微光
碧珠的照料无微不至,却带着一种小心翼翼的疏离。药膳、汤药、安魂的熏香,一切都按鬼医的吩咐准时送达。她话不多,回答我的问题也总是简洁而得体,绝不越界。我能感觉到,夜璃虽然不常出现,但她的目光似乎仍笼罩着这处厢房,确保一切在某种既定的轨道上运行。
静养的日子缓慢而粘稠,如同幽冥永不流动的时光。魂体的隐痛逐渐平复,但那种深切的虚弱感,以及对自身力量的空乏感知,无时无刻不在提醒我那场冒险的代价。更沉重的是心底的窒闷——对墨凌渊的愧疚,对那段惨烈过往的震撼,以及对我们之间骤然降至冰点的关系的无措。
他果然没再出现。
只有一次,深夜我从浅眠中惊醒,仿佛感觉到窗外有人伫立。但那气息遥远而冰冷,转瞬即逝,像是我魂体未愈产生的错觉。又或许,他真的来过,只是不愿进来。
直到第五日傍晚,碧珠送来晚膳时,轻声提了一句:“姑娘,陛下吩咐,明日您可到苑中‘渡幽台’散步片刻,那里阴气最为平和,利于魂体。但切记不可超过半个时辰,需由奴婢陪同。”
渡幽台?我记起那是静心苑西南角一处突出的观景平台,伸入幽冥云海之中,据说视野极开阔。
他允许我离开厢房了。这算是一个缓和的信号?还是仅仅出于对“伤患”的必要考量?
第二天,在碧珠的陪同下,我慢慢走向渡幽台。步伐依旧虚浮,但踏出厢房,看到苑中熟悉的墨竹、亭台,呼吸到不那么窒闷的空气,精神还是为之一振。
渡幽台比我想象的更大。平台以漆黑的巨石垒砌,栏杆低矮,几乎与翻涌的灰色云海齐平。站在台边,仿佛立于世界尽头,脚下是永恒翻滚的雾霭,远处隐约有酆都建筑的尖顶在雾中沉浮,更遥远的天际,是那轮亘古不变的青白冥月。风很大,带着云海的湿寒与空寂,吹得人衣袂翻飞,魂魄都似要随风而去。
“这里很壮阔。”
我低声说,更像是在对自己说。
碧珠安静地站在我身后几步远的地方,如同一个沉默的影子。
我缓步沿着平台边缘走着,目光投向无垠的云海。心绪如同这云雾般翻腾不定。墨凌渊此刻在何处?在冥罗殿处理那些似乎永远处理不完的政务?还是在某个寂静的角落,独自忍受着魂核深处死气的磨蚀与旧伤的啃噬?
那日静室中他苍白的侧脸,盛怒之下掩不住的惊痛,以及最后那个沉默如山的背影,一次次在眼前闪现。
“碧珠,”
我忽然开口,没有回头,“陛下他这几日,伤势可还稳定?”
身后静默了一瞬。

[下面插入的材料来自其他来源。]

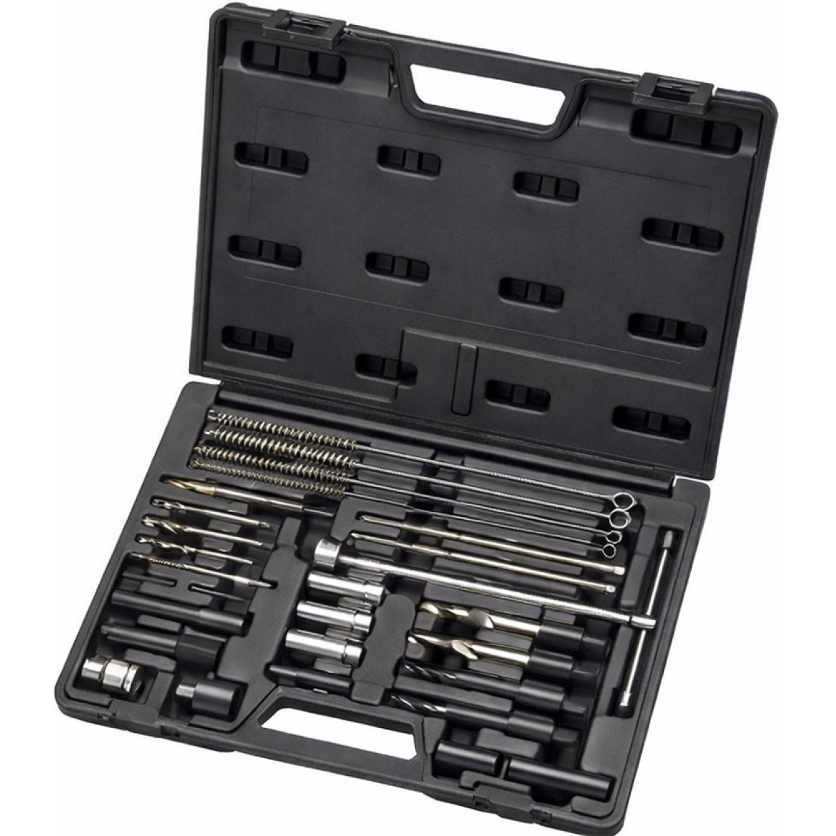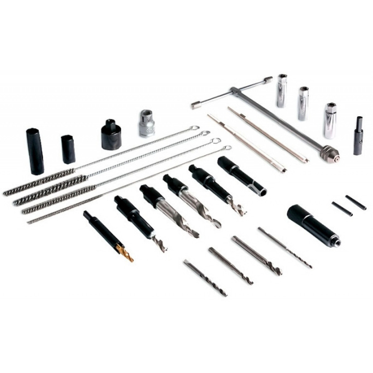 Набор предназначен для и . Комплект позволяет выполнять сложные ремонтные операции без повреждения резьбы и элементов двигателя. Инструмент применяется для свечей с резьбой , обеспечивая . Подходит для профессионального использования в автосервисах.
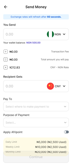 This is where you start the process of sending money from Nigeria to China. Select the ‘Send Money’ button on your dashboard.
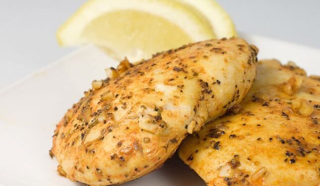 1. يتبل الدجاج جيداً مع الليمون والثوم الدمقوق.
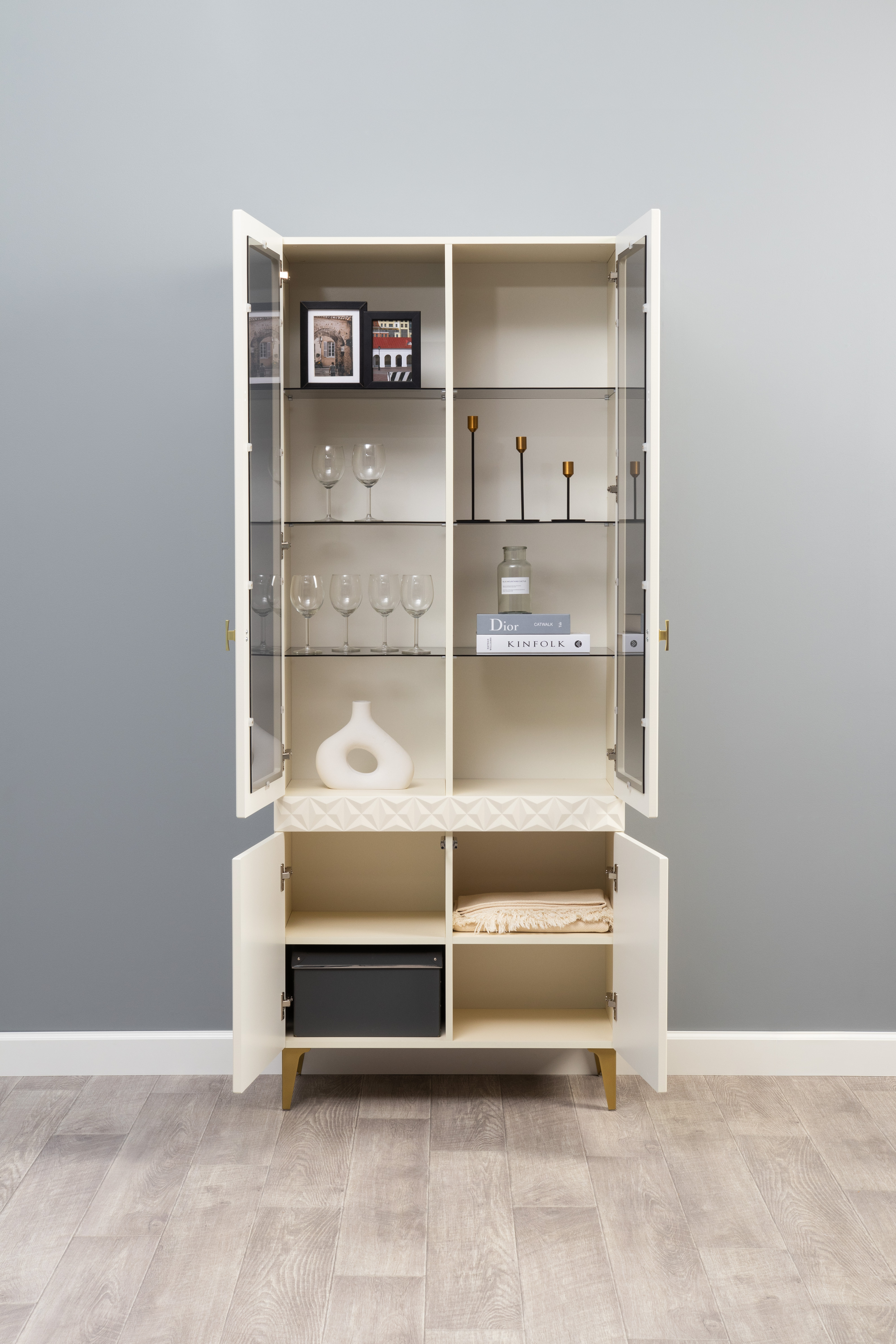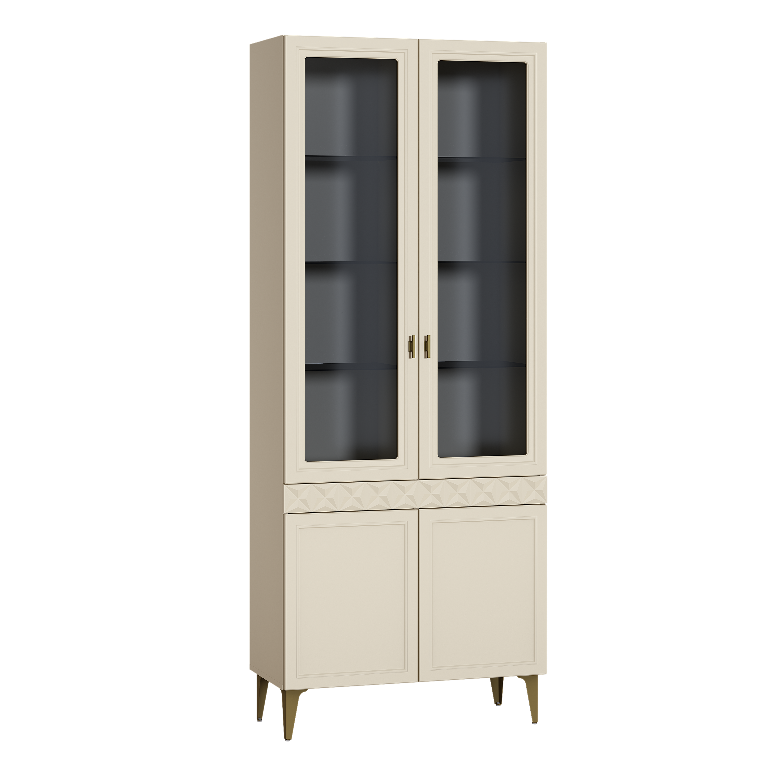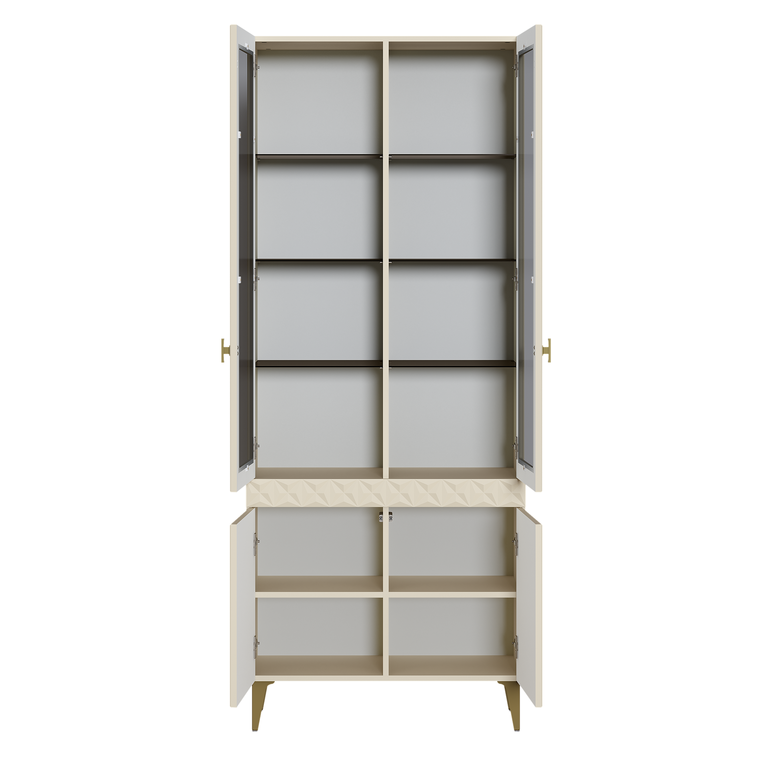 Шкаф-витрина Марион 16.397.01 слоновая кость С341 PE, слоновая кость 6898 ПВХ (собирается на любую сторону)

碧珠的声音才轻轻传来:“奴婢不知详情。只听闻鬼医大人每日仍会去冥罗殿请脉。陛下一切如常。”
一切如常。多么稳妥又空洞的回答。
我轻轻叹了口气,不再追问。只是倚着冰凉的石栏,任由浩荡的风穿透身体,仿佛这样就能吹散一些胸口的滞涩。
就在半个时辰将尽,碧珠准备上前提醒时,渡幽台连接苑内的石阶上,传来了轻微的脚步声。
不是碧珠那种刻意的轻盈,也不是幽冥卫整齐划一的沉肃。那脚步声很稳,却带着一丝不易察觉的凝滞。
我心头莫名一跳,转过身。
墨凌渊正从石阶上走来。
他依旧是一身玄衣,外罩了件墨色镶暗银纹的大氅,领口处一圈深色的皮毛,衬得他脸色愈发苍白,几乎不见血色。眉心那点幽绿光芒依旧黯淡,但比那日在静室时稳定了些许。他目光平静地望过来,看不出什么情绪,仿佛只是偶然路过。
碧珠早已无声退至更远处,深深垂首。
风将他额前的几缕碎发吹起,掠过他清晰却冷峻的眉眼。他走到离我几步远的地方停下,并未靠得太近,视线先在我脸上停留片刻,似乎在审视我的气色,然后转向了无边的云海。
“鬼医说,你魂体根基未损,是不幸中的大幸。”
他开口,声音被风吹得有些散,但依旧低沉清晰,“但若再有一次,纵有黄泉髓,也回天乏术。”
他的话像冰冷的石子投入心湖。我低下头,看着自己交握在身前、依旧没什么血色的手。“对不起。”
声音轻得几乎被风吹散,“我不该擅自触碰禁制。更不该连累你强行出关。”
云海在脚下汹涌,发出低沉的呜咽。
良久,我才听到他的回应,很轻,却带着一种沉重的疲惫:“那里面不是什么美好的回忆。”
“我看到了。”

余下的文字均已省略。